With the pictures set aside, write out all of the data exactly as it stands.
╭──
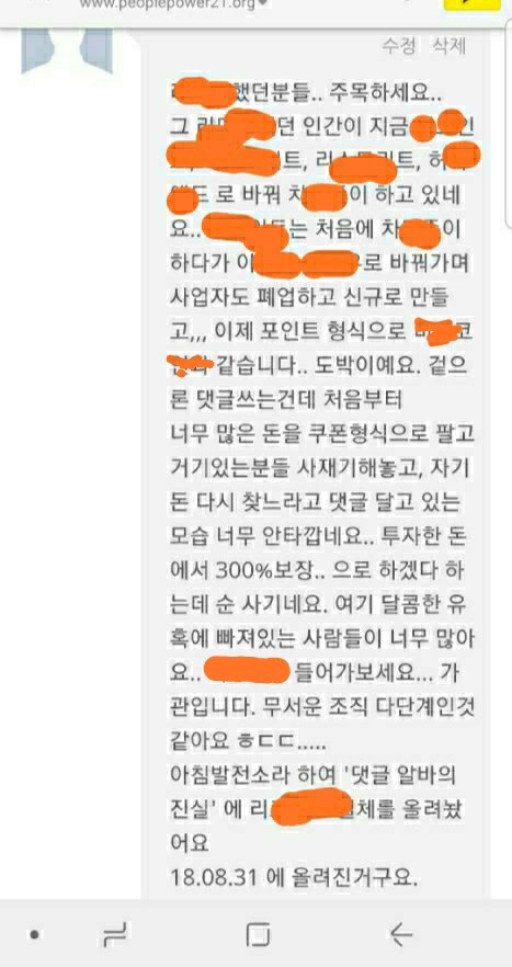 아니 처음 가입 할 때와는 전혀 다른 조건으로 지금 전 회원을 기만하고 우롱하고 있습니다 처음 가입시 쿠폰 구매후 하루 댓글 20개 완료 후 쿠폰 금액에 따라 매일 해당 쿠폰의 적립금을 적립 후 송금신청 해 주셨는데, 갑자기 지난 달 2018.09.17 공지를 띄우고 시스템 업그레이로 2018.10.01시스템 재계를 한다고, 그러더니....... 처음 계약과 다르게..... 어제 2018.09.30 듣도 보지도 못한 계약위반에 의한 전 회원 ㄹ#인트, 허#포인트 로그인 불가조치, 판정을 내리고 오늘 2018.10.01 새로운 사이트 ㅍ인트#은 아직 가입 하지도 못하게 일도 못하게 해 놓고 말입니다....... 이제와서는 계약위반으로 활동정지 상태 회원은 가입불가 내용증명 도착 후 본사에 방문요청, 방문 후 본사의 조치 후 활동재개 이런식으로 나오는군요...... 그런데 내용증명은 2018.10.04 부터 순차적으로 발송 한다고 하구요...... 이게 말이 되나요? 지금 저희 전 회원은 일도 못하고 지난 달 일한돈도 받지도 못하고 있습니다...... 좋은 의견 부탁드려요
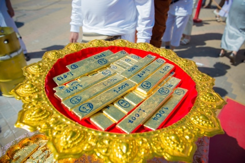 ภาพ พระนาคปรกทองคำ หนัก 20 กก. หลังเข้าพิธีเททองหล่อ ก่อนอัญเชิญประดิษฐานในองค์พระธาตุพนม
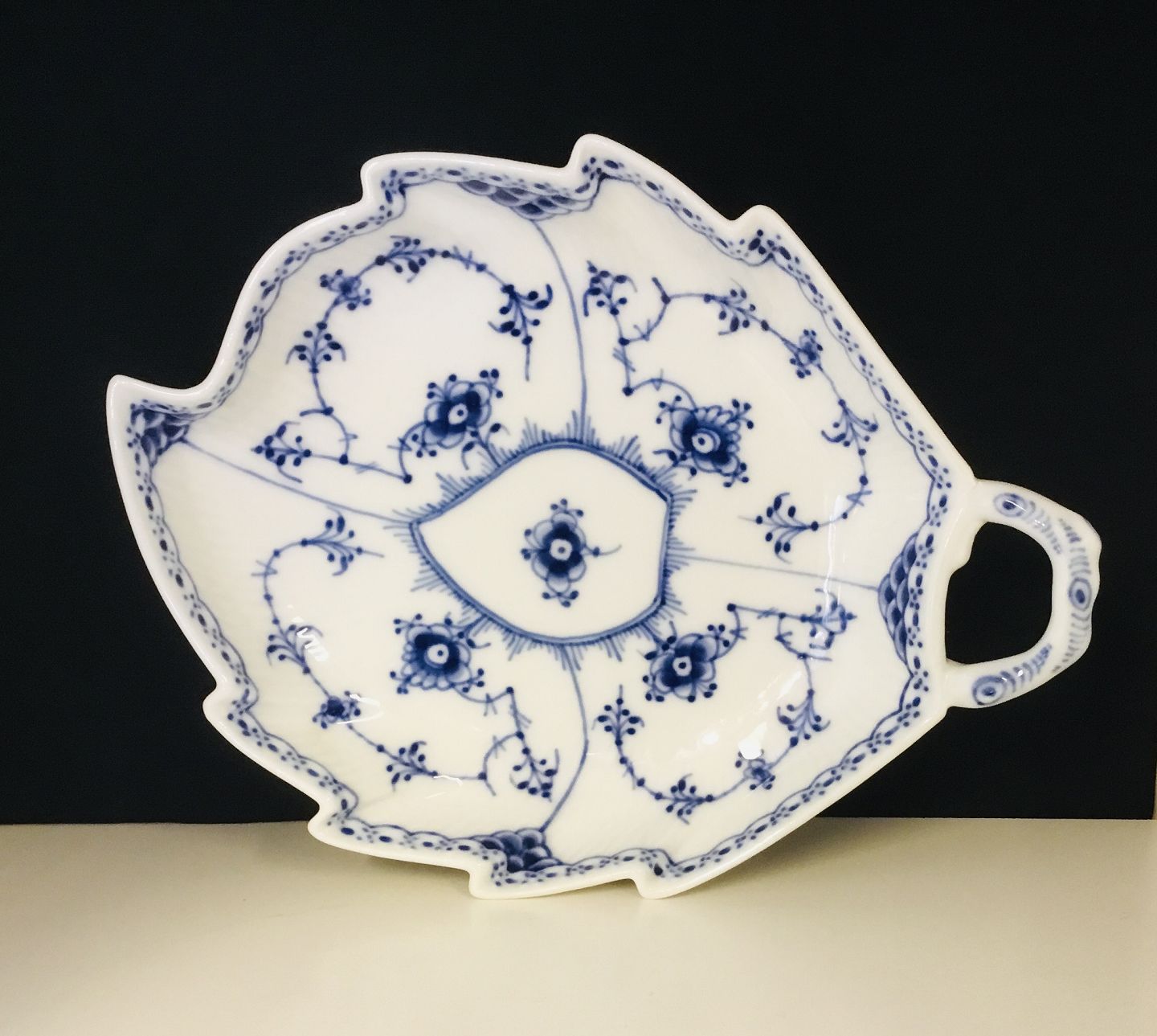 Royal Copenhagen Musselmalet halvblonde Bladfad nr. 548, 23 cm 1.sort i hel og fin stand
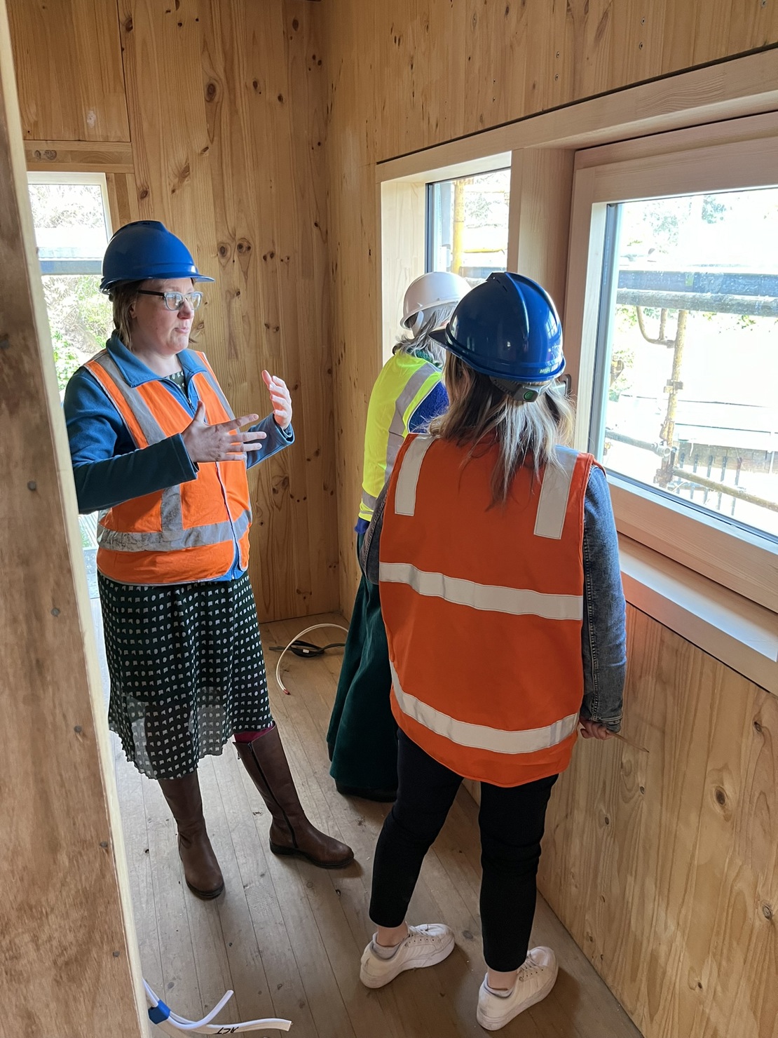 April Seymore (L), Executive Officer, EcoCentre on a recent tour of the new building with Pam O'Neil, EcoCentre Management Committee member and Beth Mclachlan, Head of Sustainability and Climate Change, City of Port Phillip.
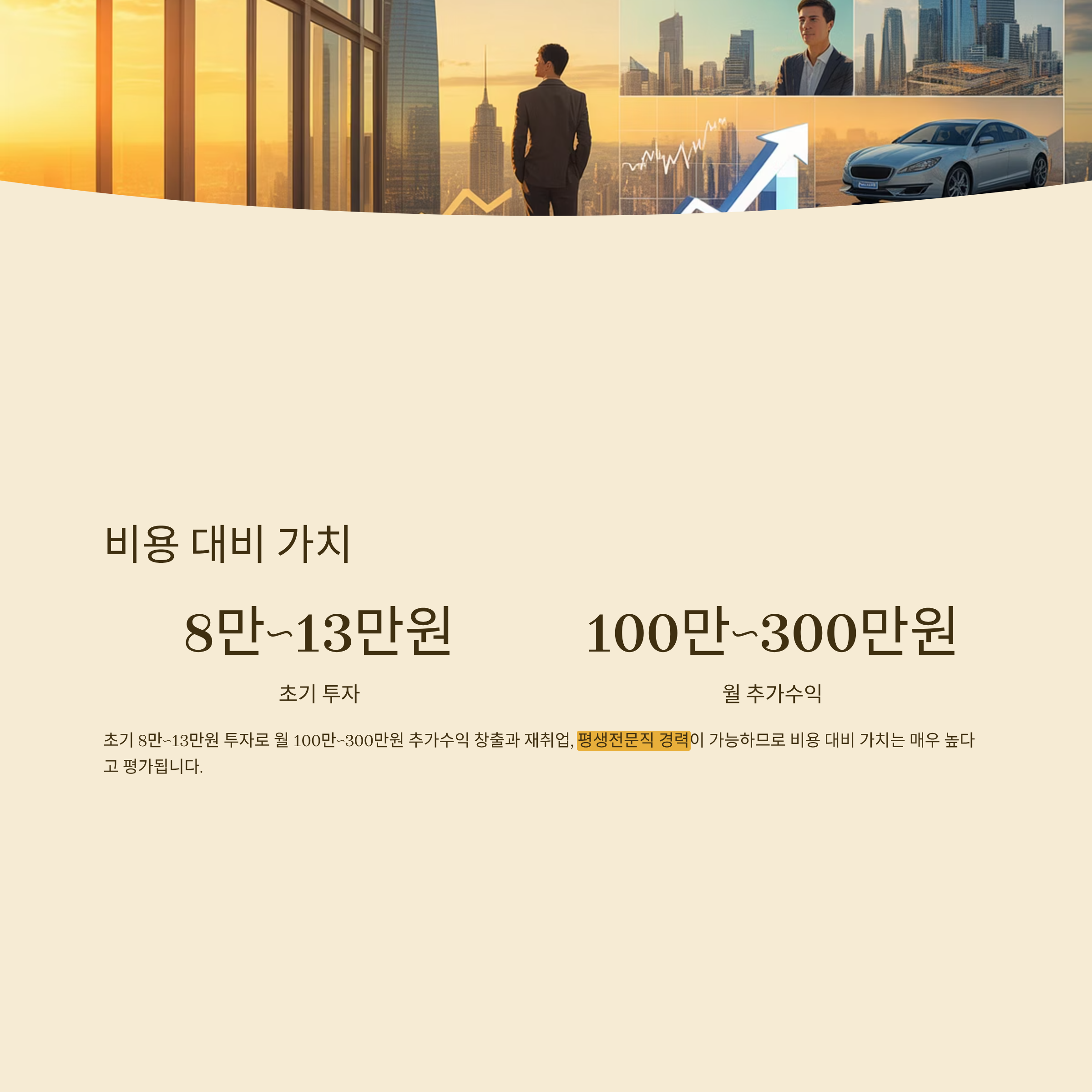 초기 8만~13만원 투자로 월 100만~300만원 추가수익 창출과 재취업, 평생전문직 경력이 가능하므로 비용 대비 가치는 매우 높다고 평가됩니다.
╰──
Reply:
 아니 처음 가입 할 때와는 전혀 다른 조건으로 지금 전 회원을 기만하고 우롱하고 있습니다 처음 가입시 쿠폰 구매후 하루 댓글 20개 완료 후 쿠폰 금액에 따라 매일 해당 쿠폰의 적립금을 적립 후 송금신청 해 주셨는데, 갑자기 지난 달 2018.09.17 공지를 띄우고 시스템 업그레이로 2018.10.01시스템 재계를 한다고, 그러더니....... 처음 계약과 다르게..... 어제 2018.09.30 듣도 보지도 못한 계약위반에 의한 전 회원 ㄹ#인트, 허#포인트 로그인 불가조치, 판정을 내리고 오늘 2018.10.01 새로운 사이트 ㅍ인트#은 아직 가입 하지도 못하게 일도 못하게 해 놓고 말입니다....... 이제와서는 계약위반으로 활동정지 상태 회원은 가입불가 내용증명 도착 후 본사에 방문요청, 방문 후 본사의 조치 후 활동재개 이런식으로 나오는군요...... 그런데 내용증명은 2018.10.04 부터 순차적으로 발송 한다고 하구요...... 이게 말이 되나요? 지금 저희 전 회원은 일도 못하고 지난 달 일한돈도 받지도 못하고 있습니다...... 좋은 의견 부탁드려요
 ภาพ พระนาคปรกทองคำ หนัก 20 กก. หลังเข้าพิธีเททองหล่อ ก่อนอัญเชิญประดิษฐานในองค์พระธาตุพนม
 Royal Copenhagen Musselmalet halvblonde Bladfad nr. 548, 23 cm 1.sort i hel og fin stand
 April Seymore (L), Executive Officer, EcoCentre on a recent tour of the new building with Pam O'Neil, EcoCentre Management Committee member and Beth Mclachlan, Head of Sustainability and Climate Change, City of Port Phillip.
 초기 8만~13만원 투자로 월 100만~300만원 추가수익 창출과 재취업, 평생전문직 경력이 가능하므로 비용 대비 가치는 매우 높다고 평가됩니다.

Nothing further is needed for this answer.